*WHAT THE TASK ASKS*:
From the material below, retype exactly the lines that begin at the line with "Prima serata fiorentina" and end after the line with "The weathered white"; pictures stay out of the copy.

*TASK DATA*:
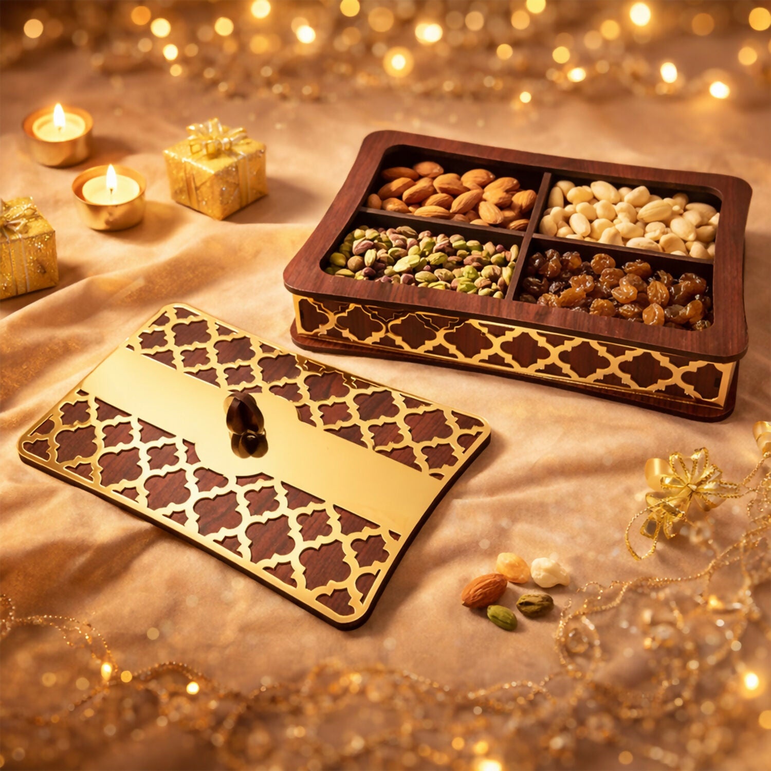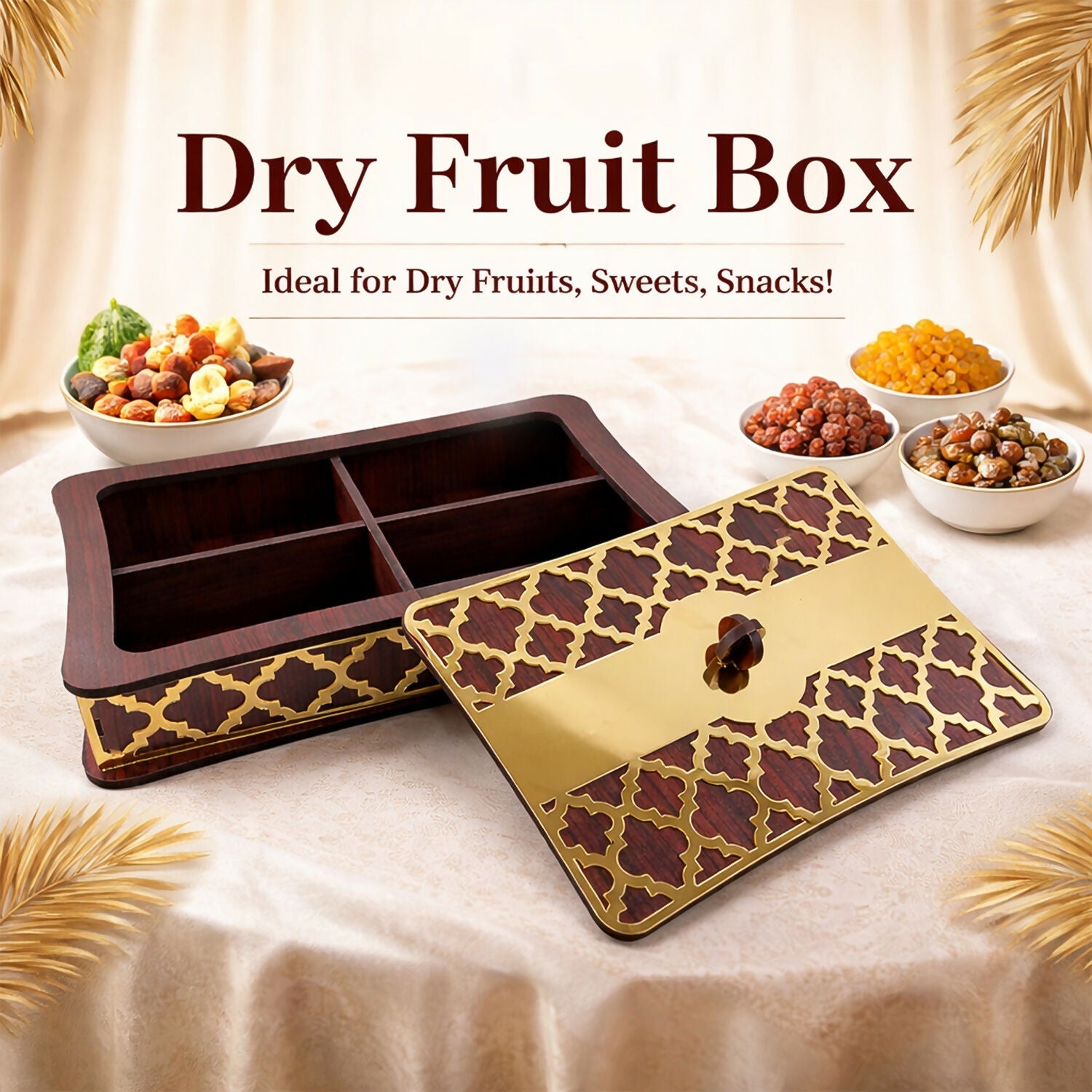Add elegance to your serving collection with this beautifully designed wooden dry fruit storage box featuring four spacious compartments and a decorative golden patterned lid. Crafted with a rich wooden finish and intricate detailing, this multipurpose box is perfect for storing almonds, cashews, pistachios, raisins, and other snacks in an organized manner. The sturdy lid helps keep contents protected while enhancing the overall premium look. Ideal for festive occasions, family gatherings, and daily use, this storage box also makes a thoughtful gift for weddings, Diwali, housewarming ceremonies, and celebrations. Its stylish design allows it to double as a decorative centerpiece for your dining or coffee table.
==
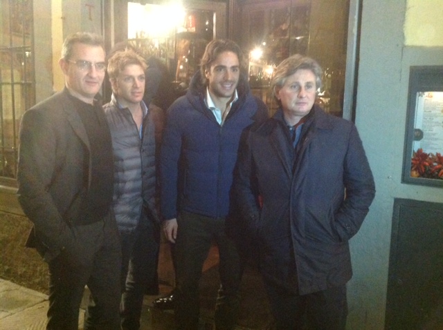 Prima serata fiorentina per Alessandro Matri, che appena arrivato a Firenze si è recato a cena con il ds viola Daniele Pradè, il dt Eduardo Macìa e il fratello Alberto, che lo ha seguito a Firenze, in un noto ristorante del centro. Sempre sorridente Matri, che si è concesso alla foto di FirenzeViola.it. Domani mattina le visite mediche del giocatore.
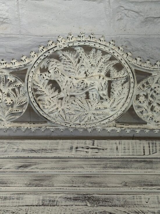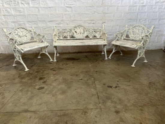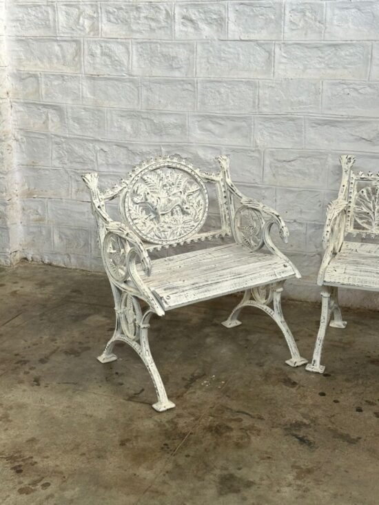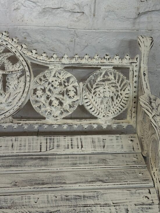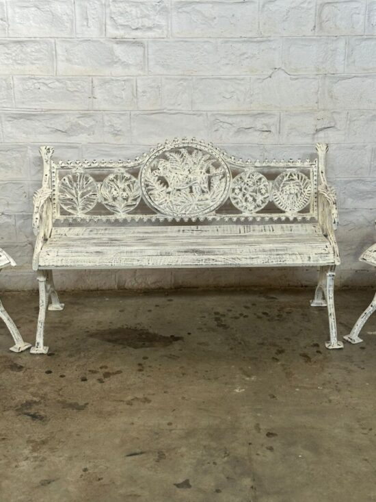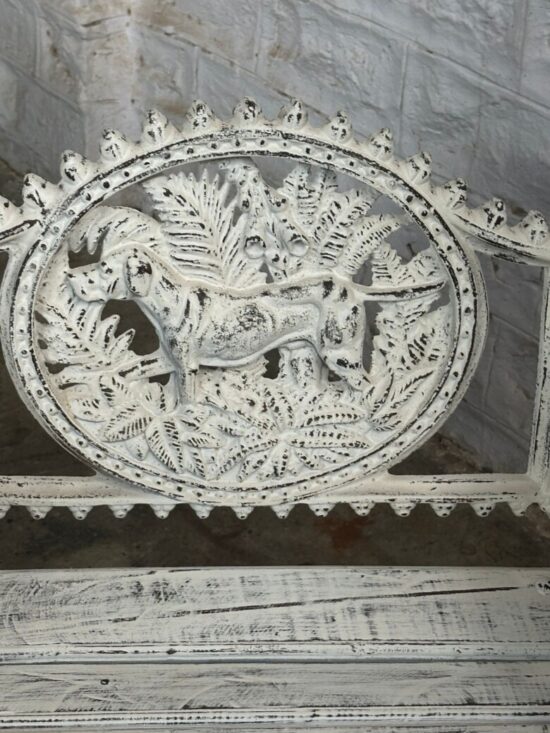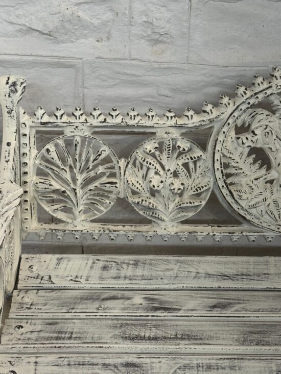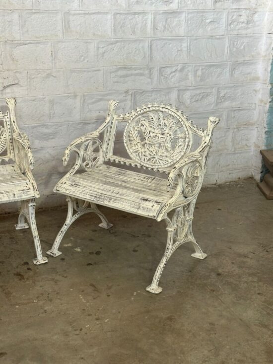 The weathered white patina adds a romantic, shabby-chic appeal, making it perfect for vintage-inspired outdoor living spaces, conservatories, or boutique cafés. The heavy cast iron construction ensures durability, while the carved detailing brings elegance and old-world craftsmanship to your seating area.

*ANSWER TO THE PROBLEM*:
 Prima serata fiorentina per Alessandro Matri, che appena arrivato a Firenze si è recato a cena con il ds viola Daniele Pradè, il dt Eduardo Macìa e il fratello Alberto, che lo ha seguito a Firenze, in un noto ristorante del centro. Sempre sorridente Matri, che si è concesso alla foto di FirenzeViola.it. Domani mattina le visite mediche del giocatore.
 The weathered white patina adds a romantic, shabby-chic appeal, making it perfect for vintage-inspired outdoor living spaces, conservatories, or boutique cafés. The heavy cast iron construction ensures durability, while the carved detailing brings elegance and old-world craftsmanship to your seating area.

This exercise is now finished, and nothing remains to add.